ЧАРЛИ: Мы прибыли в Улаангом — открытый всем ветрам городок с населением в несколько тысяч — и остановились у полицейского участка. Рама на мотоцикле Клаудио пока держалась, но ее нужно было сварить. Мы уже знали, что в первый момент, к какому монголу ни подойди, лицо у него совершенно ничего не будет выражать. Этот раз не стал исключением. Не знаю, поняли ли меня местные жители, но мимикой, жестами и демонстрацией поломки, кажется, я им все объяснил. Один из них вышел вперед, сел на свой мотоцикл и показал, чтобы мы ехали следом. Он привез нас к сварщику, который сидел на углу, на улице, прямо в пыли. Сварочный аппарат был старый, ржавый и издавал при работе страшноватые звуки, но другого выхода не было.
«Что думаешь по этому поводу?» — спросил я Эвана. «Ну он же сварщик, верно? — ответил он. — У него есть сварочные пруты и маска».
Сварщик, одетый в старый заношенный халат, разглядывал мотоцикл Клаудио, а я тем временем звонил Говарду. Вокруг нас уже собралась толпа — всем хотелось посмотреть на мотоциклы и понаблюдать за происходящим. «Не давайте ему ничего делать, пока я с Говардом не поговорю», — прокричал я через толпу. Я боялся, что неправильная сварка еще больше навредит и без того поврежденному мотоциклу. Но сварщика было уже не остановить. Он нашел неполадку и водрузил на нос огромные черные очки, какие раздают на заправках бесплатно. Когда я услышал в трубке голос Говарда, сварщик уже был готов приложиться сварочными электродами к мотоциклу.
«Стой!» — закричал я. Но поздно. Сварщик принялся за дело сразу после того, как Говард сказал проверить, отсоединена ли батарея.
«Ничего страшного, — сказал я. — Он только начал. Говард говорит, что батарею надо отсоединить». Мы отсоединили положительный вывод, и сварщик продолжил.

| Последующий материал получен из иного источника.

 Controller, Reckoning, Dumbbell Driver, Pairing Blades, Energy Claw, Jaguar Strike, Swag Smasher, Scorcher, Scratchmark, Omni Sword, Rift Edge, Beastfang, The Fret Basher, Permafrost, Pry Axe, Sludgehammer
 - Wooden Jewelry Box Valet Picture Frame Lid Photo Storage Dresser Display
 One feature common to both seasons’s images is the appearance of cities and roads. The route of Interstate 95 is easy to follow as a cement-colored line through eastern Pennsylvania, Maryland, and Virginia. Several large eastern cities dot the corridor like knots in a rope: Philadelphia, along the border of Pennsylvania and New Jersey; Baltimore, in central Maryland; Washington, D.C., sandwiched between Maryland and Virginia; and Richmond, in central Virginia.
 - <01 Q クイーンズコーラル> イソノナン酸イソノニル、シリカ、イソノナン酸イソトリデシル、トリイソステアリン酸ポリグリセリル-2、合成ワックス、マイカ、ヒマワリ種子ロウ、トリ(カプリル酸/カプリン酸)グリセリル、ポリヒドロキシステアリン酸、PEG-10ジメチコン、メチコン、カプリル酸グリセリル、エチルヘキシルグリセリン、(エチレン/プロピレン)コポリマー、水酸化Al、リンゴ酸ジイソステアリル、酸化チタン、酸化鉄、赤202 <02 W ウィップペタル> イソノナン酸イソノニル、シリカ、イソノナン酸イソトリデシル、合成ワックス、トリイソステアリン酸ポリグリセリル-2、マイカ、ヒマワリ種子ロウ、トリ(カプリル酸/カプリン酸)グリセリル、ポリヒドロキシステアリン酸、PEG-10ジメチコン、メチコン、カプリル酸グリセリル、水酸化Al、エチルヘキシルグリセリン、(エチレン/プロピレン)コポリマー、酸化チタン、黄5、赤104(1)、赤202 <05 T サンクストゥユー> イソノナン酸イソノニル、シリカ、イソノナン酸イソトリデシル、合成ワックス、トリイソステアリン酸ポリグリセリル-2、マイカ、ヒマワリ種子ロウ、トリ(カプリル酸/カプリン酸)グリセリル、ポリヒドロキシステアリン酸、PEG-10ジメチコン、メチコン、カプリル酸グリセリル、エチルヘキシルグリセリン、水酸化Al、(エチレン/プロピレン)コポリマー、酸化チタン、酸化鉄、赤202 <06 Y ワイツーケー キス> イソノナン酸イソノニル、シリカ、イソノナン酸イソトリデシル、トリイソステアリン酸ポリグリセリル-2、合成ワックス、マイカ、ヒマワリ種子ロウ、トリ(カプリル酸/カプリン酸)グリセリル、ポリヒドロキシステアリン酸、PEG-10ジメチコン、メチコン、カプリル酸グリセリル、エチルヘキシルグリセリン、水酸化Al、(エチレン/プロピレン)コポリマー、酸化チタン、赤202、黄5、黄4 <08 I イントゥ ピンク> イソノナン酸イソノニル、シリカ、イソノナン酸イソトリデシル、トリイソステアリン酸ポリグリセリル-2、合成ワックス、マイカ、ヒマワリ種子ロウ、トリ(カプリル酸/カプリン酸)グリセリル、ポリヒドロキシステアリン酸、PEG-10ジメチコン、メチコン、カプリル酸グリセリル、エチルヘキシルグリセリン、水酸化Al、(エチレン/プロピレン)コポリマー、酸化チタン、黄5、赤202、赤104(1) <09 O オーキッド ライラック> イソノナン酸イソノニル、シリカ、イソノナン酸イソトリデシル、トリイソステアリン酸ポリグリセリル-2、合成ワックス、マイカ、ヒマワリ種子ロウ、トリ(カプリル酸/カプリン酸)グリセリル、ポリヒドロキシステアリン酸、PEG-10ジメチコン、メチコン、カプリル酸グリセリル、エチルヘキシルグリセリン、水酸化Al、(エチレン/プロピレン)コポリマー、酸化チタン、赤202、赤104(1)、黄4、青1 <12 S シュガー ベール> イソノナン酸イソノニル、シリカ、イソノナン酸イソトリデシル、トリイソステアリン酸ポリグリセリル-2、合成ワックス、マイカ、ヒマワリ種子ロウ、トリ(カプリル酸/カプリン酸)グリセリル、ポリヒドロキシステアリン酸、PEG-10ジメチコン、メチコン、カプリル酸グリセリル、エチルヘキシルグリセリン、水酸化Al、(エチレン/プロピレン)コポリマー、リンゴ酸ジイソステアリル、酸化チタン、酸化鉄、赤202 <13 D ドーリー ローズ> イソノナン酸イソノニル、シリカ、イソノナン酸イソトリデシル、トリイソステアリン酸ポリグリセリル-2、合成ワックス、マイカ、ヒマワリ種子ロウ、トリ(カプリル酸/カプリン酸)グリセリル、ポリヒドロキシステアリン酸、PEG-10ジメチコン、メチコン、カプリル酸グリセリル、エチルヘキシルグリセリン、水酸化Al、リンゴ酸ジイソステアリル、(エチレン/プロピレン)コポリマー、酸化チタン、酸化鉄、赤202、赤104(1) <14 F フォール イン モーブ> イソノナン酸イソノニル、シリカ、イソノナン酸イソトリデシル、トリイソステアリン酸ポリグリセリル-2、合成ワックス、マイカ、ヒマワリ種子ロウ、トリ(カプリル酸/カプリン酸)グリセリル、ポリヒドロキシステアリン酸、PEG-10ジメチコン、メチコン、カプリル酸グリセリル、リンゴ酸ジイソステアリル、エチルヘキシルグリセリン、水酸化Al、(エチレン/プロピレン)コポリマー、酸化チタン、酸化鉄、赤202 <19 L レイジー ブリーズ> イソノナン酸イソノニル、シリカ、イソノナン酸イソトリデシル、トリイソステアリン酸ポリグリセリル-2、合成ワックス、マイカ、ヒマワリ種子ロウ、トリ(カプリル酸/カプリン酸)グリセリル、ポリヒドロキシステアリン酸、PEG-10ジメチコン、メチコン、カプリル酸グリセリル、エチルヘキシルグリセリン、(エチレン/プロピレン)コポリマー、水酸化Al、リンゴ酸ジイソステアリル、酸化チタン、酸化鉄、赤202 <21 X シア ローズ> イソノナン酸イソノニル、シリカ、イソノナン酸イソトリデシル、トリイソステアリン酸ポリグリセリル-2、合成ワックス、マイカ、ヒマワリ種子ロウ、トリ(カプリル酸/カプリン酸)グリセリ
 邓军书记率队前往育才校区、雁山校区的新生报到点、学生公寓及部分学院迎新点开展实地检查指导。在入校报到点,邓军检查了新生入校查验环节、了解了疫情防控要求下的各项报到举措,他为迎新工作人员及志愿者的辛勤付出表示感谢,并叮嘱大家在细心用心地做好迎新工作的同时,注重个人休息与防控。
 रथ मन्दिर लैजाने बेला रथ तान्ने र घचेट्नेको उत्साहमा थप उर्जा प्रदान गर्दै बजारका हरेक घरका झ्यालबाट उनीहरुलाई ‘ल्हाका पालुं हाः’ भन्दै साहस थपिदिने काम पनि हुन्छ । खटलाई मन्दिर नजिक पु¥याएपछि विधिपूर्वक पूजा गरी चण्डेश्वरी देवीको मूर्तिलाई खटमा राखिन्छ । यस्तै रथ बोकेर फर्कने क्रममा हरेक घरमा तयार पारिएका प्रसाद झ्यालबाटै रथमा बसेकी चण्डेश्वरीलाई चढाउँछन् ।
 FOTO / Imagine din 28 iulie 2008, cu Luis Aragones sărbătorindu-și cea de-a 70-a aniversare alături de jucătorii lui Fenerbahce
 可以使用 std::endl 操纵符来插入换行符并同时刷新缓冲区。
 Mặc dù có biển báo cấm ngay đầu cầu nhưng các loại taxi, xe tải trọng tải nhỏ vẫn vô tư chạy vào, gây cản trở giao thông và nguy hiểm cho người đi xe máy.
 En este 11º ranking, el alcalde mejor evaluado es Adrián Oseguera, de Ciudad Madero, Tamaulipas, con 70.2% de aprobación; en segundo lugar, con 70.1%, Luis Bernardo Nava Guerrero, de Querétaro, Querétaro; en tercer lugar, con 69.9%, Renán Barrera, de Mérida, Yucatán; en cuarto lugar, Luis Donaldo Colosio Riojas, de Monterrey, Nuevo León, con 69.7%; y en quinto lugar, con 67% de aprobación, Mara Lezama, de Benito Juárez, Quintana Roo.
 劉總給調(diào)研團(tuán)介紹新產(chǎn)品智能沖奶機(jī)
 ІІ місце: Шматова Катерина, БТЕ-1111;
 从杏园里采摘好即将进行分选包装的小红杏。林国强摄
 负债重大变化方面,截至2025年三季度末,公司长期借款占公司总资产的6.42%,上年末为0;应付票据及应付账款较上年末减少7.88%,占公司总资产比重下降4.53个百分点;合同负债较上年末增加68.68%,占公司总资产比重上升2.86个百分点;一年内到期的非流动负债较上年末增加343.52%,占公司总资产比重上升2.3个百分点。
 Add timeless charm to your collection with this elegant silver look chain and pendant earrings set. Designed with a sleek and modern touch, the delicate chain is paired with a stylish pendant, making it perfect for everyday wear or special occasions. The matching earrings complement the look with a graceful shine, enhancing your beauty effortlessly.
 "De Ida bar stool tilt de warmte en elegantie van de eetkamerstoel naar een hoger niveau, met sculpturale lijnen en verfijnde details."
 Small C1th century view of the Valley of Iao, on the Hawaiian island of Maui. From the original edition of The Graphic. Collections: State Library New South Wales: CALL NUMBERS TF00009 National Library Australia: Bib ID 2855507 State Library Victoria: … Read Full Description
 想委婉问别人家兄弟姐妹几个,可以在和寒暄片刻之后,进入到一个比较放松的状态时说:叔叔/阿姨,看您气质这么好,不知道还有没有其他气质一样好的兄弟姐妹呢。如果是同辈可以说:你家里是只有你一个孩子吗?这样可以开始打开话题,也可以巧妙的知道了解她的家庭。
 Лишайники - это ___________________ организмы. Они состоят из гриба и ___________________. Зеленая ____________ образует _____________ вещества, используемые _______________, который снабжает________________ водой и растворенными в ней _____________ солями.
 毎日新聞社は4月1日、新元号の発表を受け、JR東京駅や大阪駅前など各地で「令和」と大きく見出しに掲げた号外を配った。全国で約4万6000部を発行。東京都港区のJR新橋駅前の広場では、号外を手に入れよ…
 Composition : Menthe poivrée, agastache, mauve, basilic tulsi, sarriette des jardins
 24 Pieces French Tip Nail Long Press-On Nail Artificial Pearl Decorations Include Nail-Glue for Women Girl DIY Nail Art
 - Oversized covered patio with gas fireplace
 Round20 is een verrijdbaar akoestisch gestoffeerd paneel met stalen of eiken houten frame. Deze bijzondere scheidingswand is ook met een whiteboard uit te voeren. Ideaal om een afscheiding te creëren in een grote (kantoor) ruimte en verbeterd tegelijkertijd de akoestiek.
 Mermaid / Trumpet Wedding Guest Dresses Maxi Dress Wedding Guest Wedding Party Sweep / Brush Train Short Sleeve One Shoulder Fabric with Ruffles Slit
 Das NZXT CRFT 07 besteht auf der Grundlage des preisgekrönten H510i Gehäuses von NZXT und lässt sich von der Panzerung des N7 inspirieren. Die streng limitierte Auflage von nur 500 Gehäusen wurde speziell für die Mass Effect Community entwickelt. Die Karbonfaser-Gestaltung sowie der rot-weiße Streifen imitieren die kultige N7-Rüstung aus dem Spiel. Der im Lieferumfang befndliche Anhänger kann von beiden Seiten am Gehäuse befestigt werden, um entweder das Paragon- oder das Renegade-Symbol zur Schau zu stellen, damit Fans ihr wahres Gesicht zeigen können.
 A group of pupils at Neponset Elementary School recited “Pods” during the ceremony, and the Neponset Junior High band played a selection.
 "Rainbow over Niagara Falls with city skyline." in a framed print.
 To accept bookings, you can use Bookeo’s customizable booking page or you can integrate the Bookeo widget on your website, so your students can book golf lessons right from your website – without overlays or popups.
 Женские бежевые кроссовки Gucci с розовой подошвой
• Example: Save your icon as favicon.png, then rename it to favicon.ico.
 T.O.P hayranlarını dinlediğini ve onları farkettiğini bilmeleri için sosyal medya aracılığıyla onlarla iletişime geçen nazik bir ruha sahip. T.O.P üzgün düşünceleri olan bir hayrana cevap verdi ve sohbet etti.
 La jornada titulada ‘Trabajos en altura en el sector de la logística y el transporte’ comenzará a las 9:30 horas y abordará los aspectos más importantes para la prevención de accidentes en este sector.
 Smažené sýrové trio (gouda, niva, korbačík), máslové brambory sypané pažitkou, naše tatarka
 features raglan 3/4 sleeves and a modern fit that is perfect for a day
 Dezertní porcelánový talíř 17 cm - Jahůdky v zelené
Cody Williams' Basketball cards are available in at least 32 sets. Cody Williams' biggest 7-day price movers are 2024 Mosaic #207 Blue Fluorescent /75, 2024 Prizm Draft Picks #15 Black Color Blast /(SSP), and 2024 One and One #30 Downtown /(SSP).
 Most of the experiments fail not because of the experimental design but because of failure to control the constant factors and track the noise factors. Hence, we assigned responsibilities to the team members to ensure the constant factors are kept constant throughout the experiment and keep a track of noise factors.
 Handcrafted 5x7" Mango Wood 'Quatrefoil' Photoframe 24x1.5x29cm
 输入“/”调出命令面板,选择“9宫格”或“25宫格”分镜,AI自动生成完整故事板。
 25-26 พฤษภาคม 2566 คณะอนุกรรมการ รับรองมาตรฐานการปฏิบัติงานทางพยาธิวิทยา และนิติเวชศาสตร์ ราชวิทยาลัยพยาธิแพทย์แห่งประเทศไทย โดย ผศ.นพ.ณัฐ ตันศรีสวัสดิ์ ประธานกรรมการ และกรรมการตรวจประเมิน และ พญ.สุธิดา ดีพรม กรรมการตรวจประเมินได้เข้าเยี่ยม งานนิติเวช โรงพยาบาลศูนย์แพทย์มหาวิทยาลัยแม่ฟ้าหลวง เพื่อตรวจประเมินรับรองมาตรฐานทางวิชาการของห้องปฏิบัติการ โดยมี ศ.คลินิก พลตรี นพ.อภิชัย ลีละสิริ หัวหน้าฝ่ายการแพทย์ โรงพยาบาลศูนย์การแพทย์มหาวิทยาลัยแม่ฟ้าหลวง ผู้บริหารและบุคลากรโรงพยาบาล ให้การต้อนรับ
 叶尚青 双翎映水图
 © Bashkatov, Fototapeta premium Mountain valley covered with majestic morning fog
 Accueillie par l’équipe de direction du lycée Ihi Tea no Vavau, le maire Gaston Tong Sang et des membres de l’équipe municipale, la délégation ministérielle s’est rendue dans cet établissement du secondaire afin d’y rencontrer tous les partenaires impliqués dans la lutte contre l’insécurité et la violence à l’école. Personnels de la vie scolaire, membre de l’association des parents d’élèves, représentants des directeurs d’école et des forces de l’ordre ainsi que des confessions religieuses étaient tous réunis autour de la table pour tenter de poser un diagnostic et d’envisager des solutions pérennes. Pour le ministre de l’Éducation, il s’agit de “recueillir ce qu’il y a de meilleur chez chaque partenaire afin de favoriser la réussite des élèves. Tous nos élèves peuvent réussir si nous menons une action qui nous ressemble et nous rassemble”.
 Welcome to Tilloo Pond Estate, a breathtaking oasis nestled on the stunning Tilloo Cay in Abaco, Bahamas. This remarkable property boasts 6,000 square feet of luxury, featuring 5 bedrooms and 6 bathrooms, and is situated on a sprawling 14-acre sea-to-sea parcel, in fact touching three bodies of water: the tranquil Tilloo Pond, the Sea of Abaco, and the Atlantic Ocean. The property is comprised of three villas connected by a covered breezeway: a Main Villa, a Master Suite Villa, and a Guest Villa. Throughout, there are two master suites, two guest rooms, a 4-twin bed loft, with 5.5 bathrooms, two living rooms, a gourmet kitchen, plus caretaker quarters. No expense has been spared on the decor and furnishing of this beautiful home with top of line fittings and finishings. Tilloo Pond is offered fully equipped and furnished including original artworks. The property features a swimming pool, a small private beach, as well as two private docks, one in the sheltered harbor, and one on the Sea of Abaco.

«Ух ты! Ну ничего себе!» — воскликнул я, когда он закончил. Работу сварщик сделал на отлично. «Вы молодчина. Отличная работа. Настоящий мастер!» Обходясь минимумом инструментов, сварщик заварил разлом и скрепил его дополнительной полоской металла. Поломка была устранена. «Сколько с нас?» — спросил я у сварщика. Он пожал плечами и улыбнулся.
«Дай ему пятерку, Чарли, — сказал Эван. — Думаю, пять долларов будет в самый раз». Дело того стоило.
Я устроил мотоциклу небольшой тест-драйв на площадке перед рядом пустых грузовых контейнеров. С рамой все было нормально, но при сварке мы повредили противоюзную тормозную систему. Тормоза у Клаудио работали, но не в полную силу. Теперь мотоцикл не смог бы переехать ни одну из сегодняшних гор. Тормоза нам нужны были не только для замедления и остановки, но и для преодоления всех кочек и неровностей на дороге. Я снова стал звонить Говарду.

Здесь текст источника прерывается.